The COVID-19-related submissions to bioRxiv and medRxiv have not resulted in major public health hazards (although to be sure those resources are subject to more stringent review4 than arXiv). To the contrary, the worst offenders were instead published in conventional refereed venues. These include an article extolling the virtues of hydroxychloroquine (whose publisher posted a letter of concern, but not a retraction5), and other studies based on fabricated data that were quickly retracted by the Lancet and the New England Journal of Medicine6. Perhaps those and other journal editors would have benefited from seeing more expert open commentary prior to publication: to date, more than 120 peer-reviewed COVID-19 articles have been retracted or withdrawn.
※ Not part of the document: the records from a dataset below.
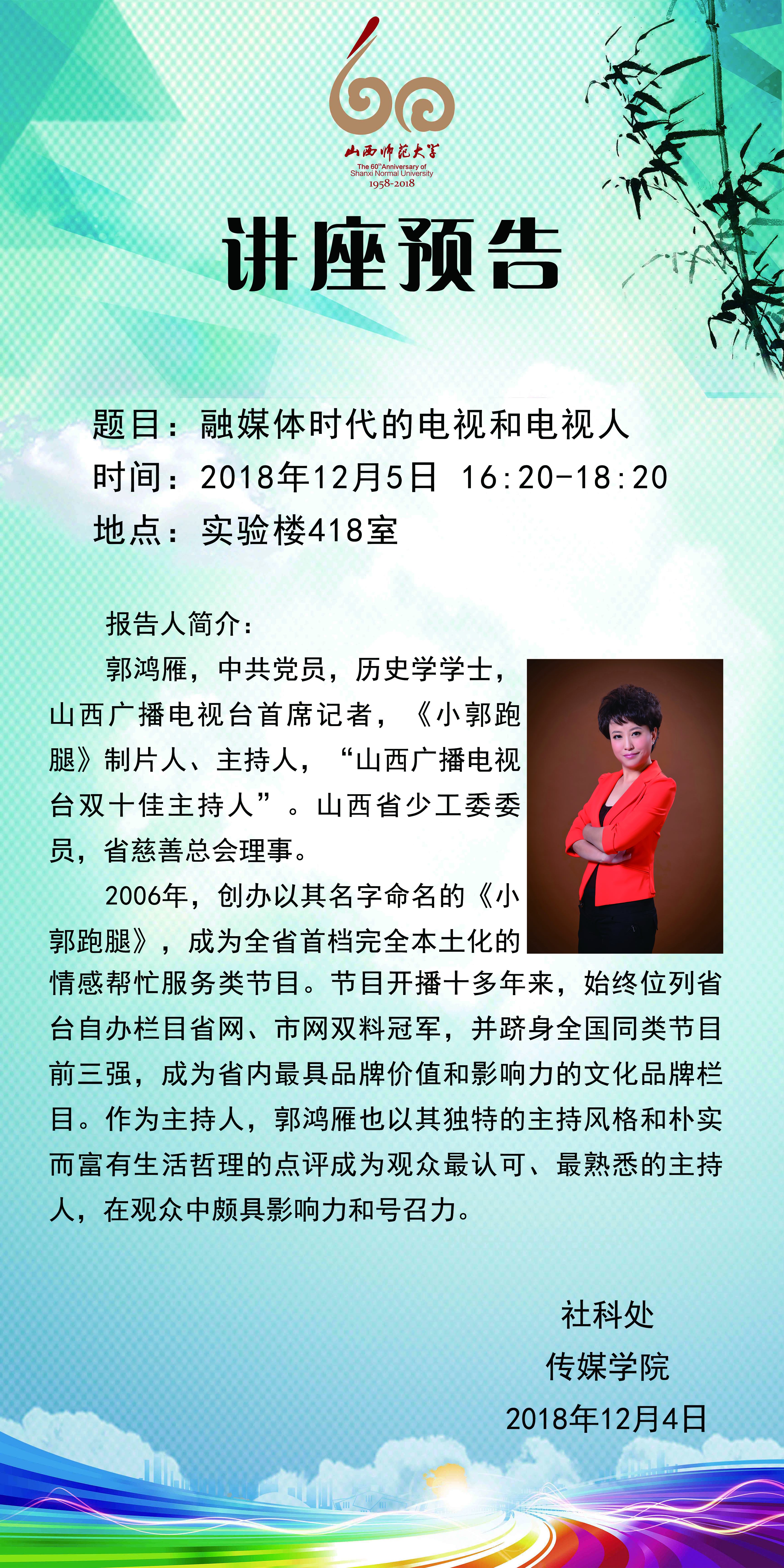 【预告】山西广播电视台首席记者,《小郭跑腿》制片人、主持人郭鸿雁应传媒学院邀请来威尼斯官网作学术报告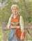 Hugo Engl (Lienz 1852 - Silz 1926) Contadinella tirolese, 1922;Olio su...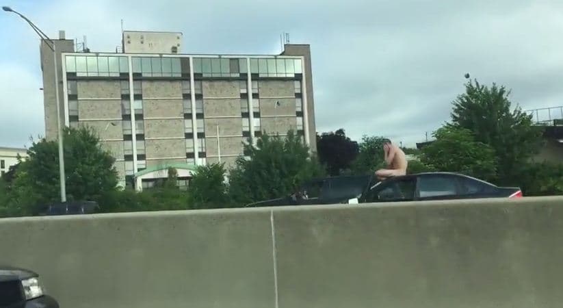 Un hombre sin ropa sentado en el techo de su carro llamó a la policía para asistencia.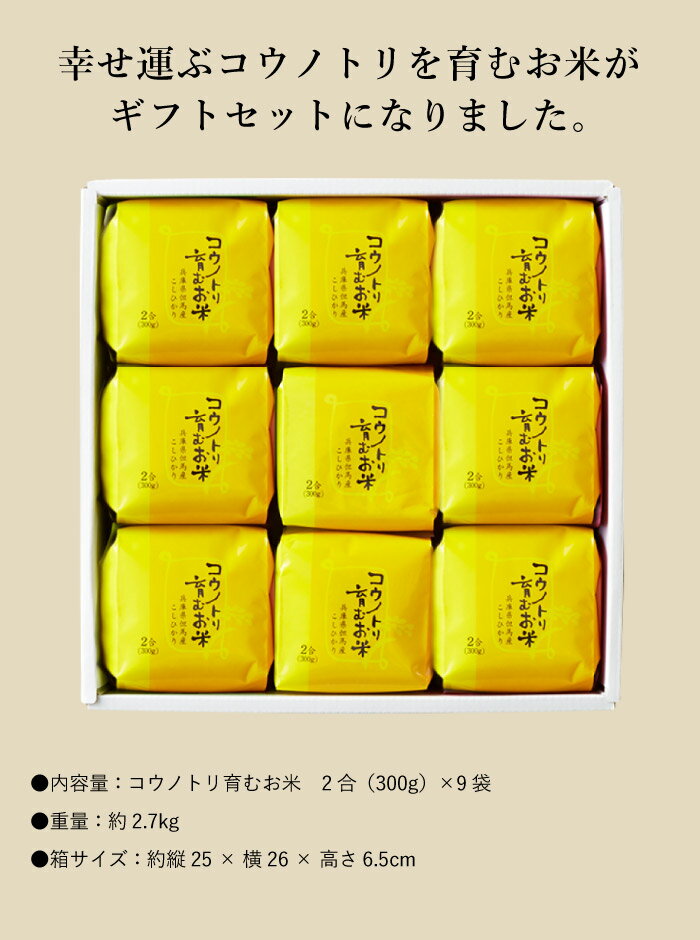 新米 幸せを運ぶ鳥 コウノトリ 食べる健康!食べる貢献!生命を育むお米 コウノトリ育むお米 減農薬 無化学肥料 かわいい キューブ300g×9個セット 贈答 ギフト 結婚 出産 内祝い 合格 2年産 幸運 祈願 米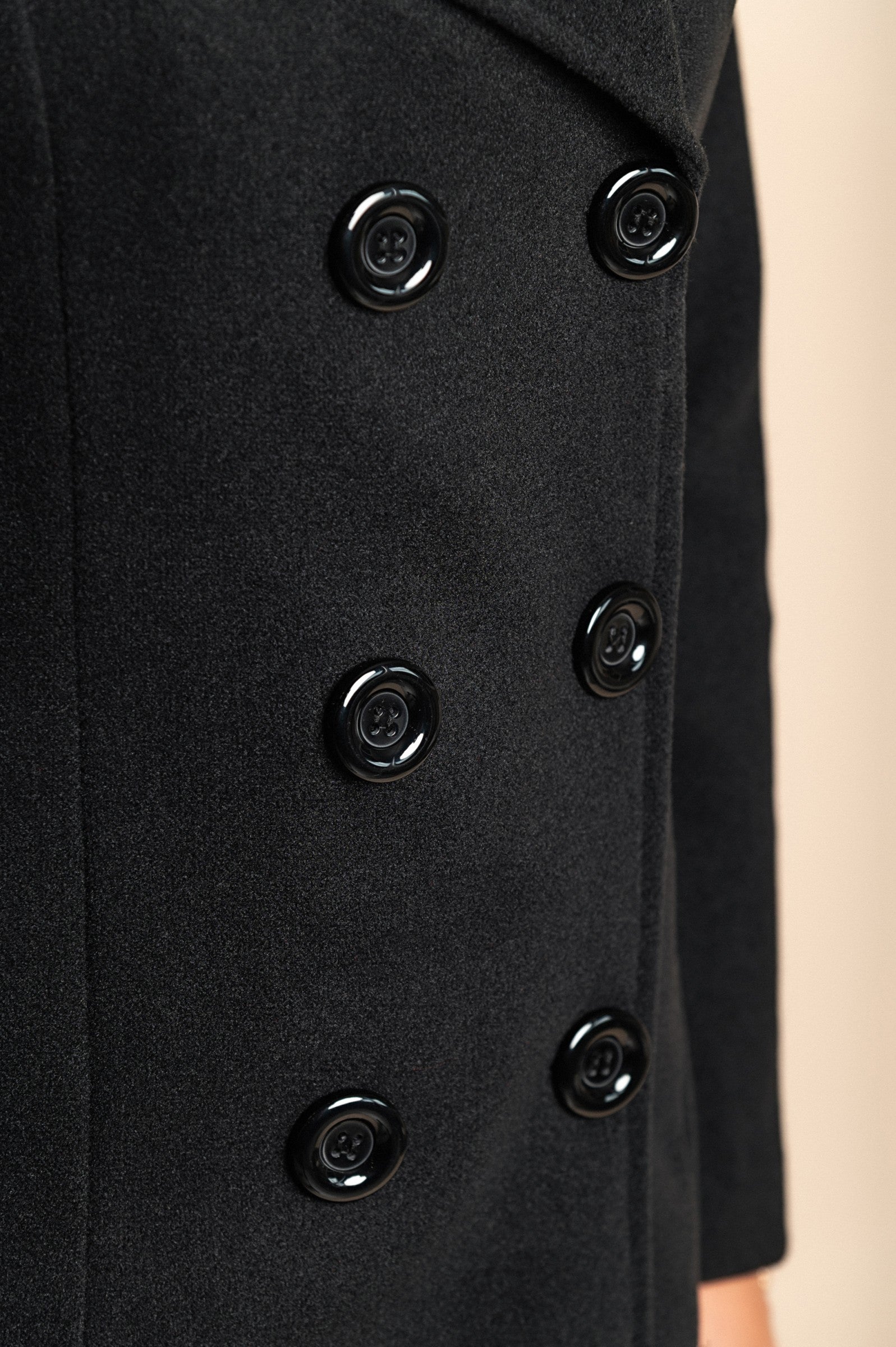 Odkrijte naš eleganten črn plašč z gumbi, ki je popolna izbira za vsako priložnost. Ta čudovit plašč je izdelan iz mehkega in udobnega blaga visoke kakovosti, kar zagotavlja popolno udobje pri nošenju. Ne glede na to, ali ga nosite na poslovnem srečanju ali na večernem izhodu, bo ta plašč zagotovo pritegnil pozornost.

By contrast, a COVID-19 study posted in preprint form7, overestimating prior infection rates and quickly picked up by the press, had its statistical flaws quickly picked apart by experts. A preprint reporting results of a rigorous clinical study on the drug dexamethasone led to its deployment in the half-year prior to the study’s appearance as a journal publication, potentially saving many lives8. And it was a preprint9 that pushed back against an actual health hazard, by correcting misconceptions behind the long-assumed 5 μm boundary between (falling) droplets and (airborne) aerosols, and signalling the need for more effective revised health precautions against COVID-19 spread.

Peering ahead

I do not claim that preprint distribution is a universal panacea for delays and biases of peer-reviewed journal publication but, rather, I would suggest that with proper context the benefits can far outweigh the risks. Journalists frequently qualify mention of articles on preprint servers with a ‘not-yet-reviewed’ caveat, and ordinarily consult experts for reality check to avoid misleading the public. Although necessary qualifications to COVID-19 preprints are not provided by all digital media outlets10, it is certainly possible to standardize the application of some formulation of ‘under review’ to convey uncertainty. If we are indeed inexorably headed to increased public dissemination of preprints in more fields, it is worthwhile for all participants — researchers, peer-reviewed journals and mass media — to embrace the trend and engineer ways to keep research professionals better informed and the general public less misinformed.